Последние песчинки просочились между шерсти Главы Стражей Небес, и он посмотрел на меня. Я вздрогнул: никогда и никто еще не смотрел на меня… так. Я даже не подозревал, что Каш'шшод способен на такой пронзительный, твердый как сталь взгляд.

– Слушай внимательно и запоминай – я не буду повторять. Примерно за пол-Оборота до атаки на Шенарот мы получили первое изображение Смотрящих в Ночь после… метаморфозы. Это встревожило очень многих, – но было решено молчать. Это и была наша ошибка. Ошибка, за которую расплатился Круг Хранителей.
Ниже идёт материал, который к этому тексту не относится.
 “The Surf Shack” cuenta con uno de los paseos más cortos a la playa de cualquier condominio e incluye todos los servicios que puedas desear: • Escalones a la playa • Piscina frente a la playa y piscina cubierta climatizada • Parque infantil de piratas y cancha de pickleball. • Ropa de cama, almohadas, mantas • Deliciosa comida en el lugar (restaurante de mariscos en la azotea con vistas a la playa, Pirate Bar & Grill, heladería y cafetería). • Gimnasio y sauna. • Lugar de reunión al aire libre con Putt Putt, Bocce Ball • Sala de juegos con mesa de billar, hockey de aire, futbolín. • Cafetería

– Почему? – хрипло спросил я: напряжение мало-помалу спадало – явно Артх'хдеа Мезуту'а Холл решил, что живым я ему пригожусь больше, – но не до конца. Кроме того, я никогда, ни в одном архиве не встречал даже намека на что-либо похожее, – а благодаря обеим гражданским специальностям я в архивах провел очень много времени.
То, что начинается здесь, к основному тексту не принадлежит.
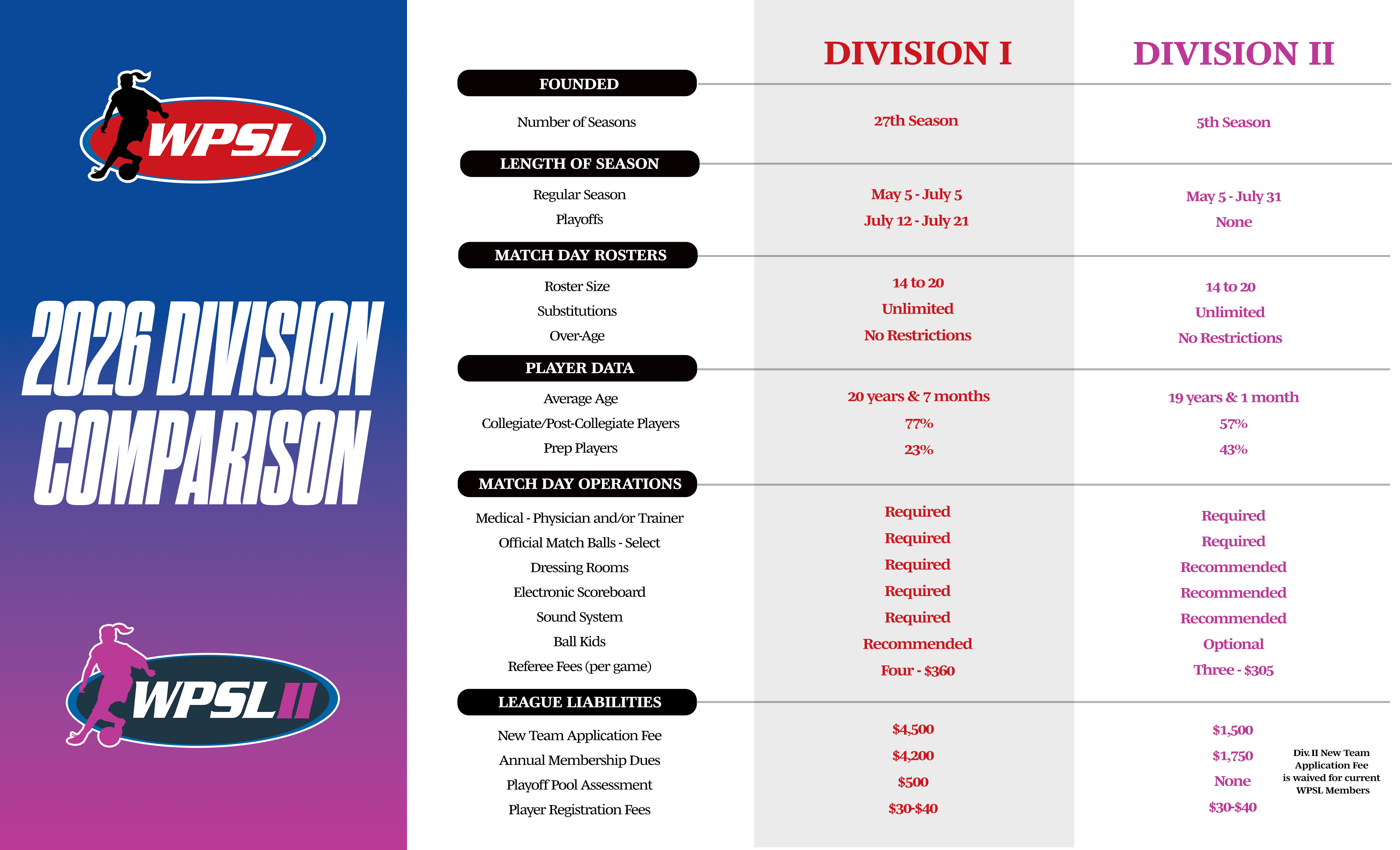 For more information on WPSL Division II or how to submit an application contact Deputy Commissioner, Matt Homonoff - (703) 244-3895 or mhomonoff@wpslsoccer.com

– Пророчество Райеё, – бросил Месстр. По его лицу невозможно было понять, как он относиться к решению своего отца: и он, и Файрра полностью закрыли свой эмпатический фон. – То, что дошло до нас, то, что мы смогли отыскать за прошедшие Обороты.

– То, что удалось сохранить… – тихо добавила Файрра. – То, что не должно было быть забыто…

– То, что ты видел в своем сне – одна из причин, почему ты до сих пор жив. Ты не мог знать, не мог нигде слышать или читать про это. Только в архивах Клана и Круга Хранителей были записи о последних мгновениях анго-ра Райёё. И они слово в слово повторяют твое видение.

– Эти записи принадлежат анго Нуо'ору. После смерти учителя он долгое время удерживал общину от распада и был наставником Иррину-Вестнику. Но эту историю ты должен знать.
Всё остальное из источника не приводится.